Task objective:
Copy, word for word, the lines of the listing below from the line with "振 幅: | 2.55% |" up to and including the line with "Item NameMil-Nil Prime". Drop the pictures.

Input data:

────────

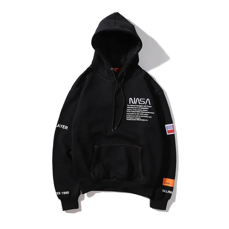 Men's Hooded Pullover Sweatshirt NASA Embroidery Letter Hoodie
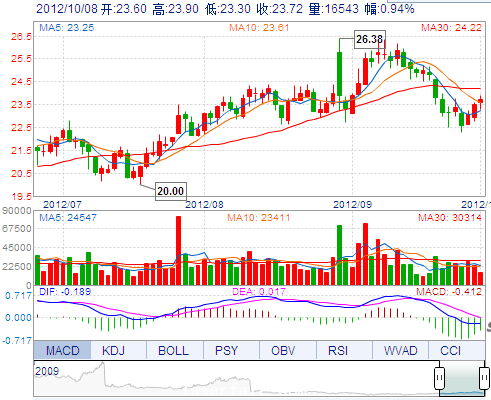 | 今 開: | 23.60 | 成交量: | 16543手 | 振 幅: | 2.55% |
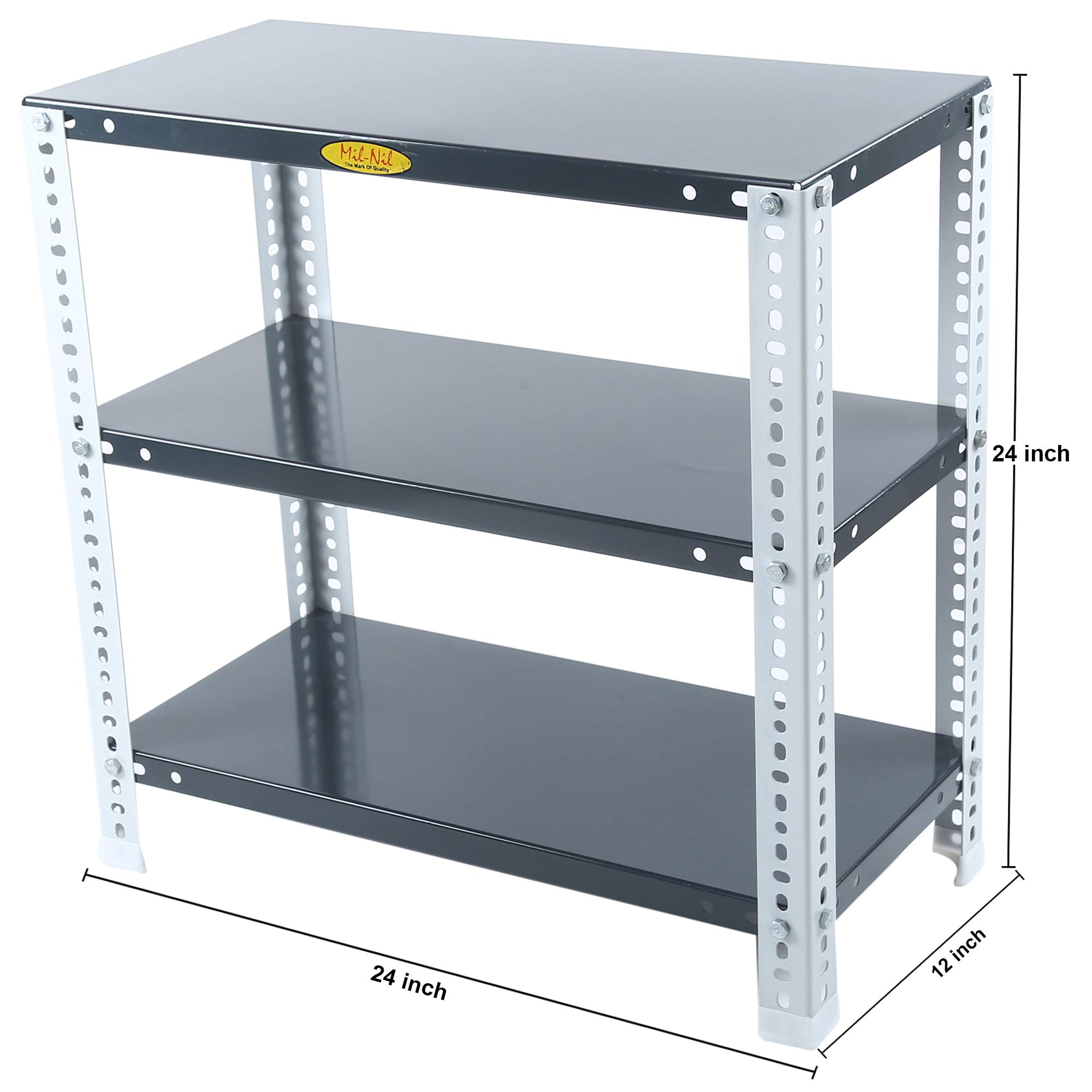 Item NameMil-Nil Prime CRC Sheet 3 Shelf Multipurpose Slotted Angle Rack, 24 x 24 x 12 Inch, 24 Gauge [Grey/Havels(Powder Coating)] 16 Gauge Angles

────────

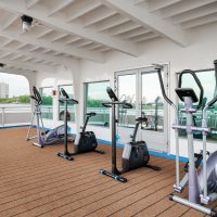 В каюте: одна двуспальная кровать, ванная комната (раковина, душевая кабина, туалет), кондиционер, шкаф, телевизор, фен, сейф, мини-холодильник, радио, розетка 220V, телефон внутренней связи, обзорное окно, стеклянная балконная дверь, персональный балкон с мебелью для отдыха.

────────

Problem solution:
 | 今 開: | 23.60 | 成交量: | 16543手 | 振 幅: | 2.55% |
 Item NameMil-Nil Prime CRC Sheet 3 Shelf Multipurpose Slotted Angle Rack, 24 x 24 x 12 Inch, 24 Gauge [Grey/Havels(Powder Coating)] 16 Gauge Angles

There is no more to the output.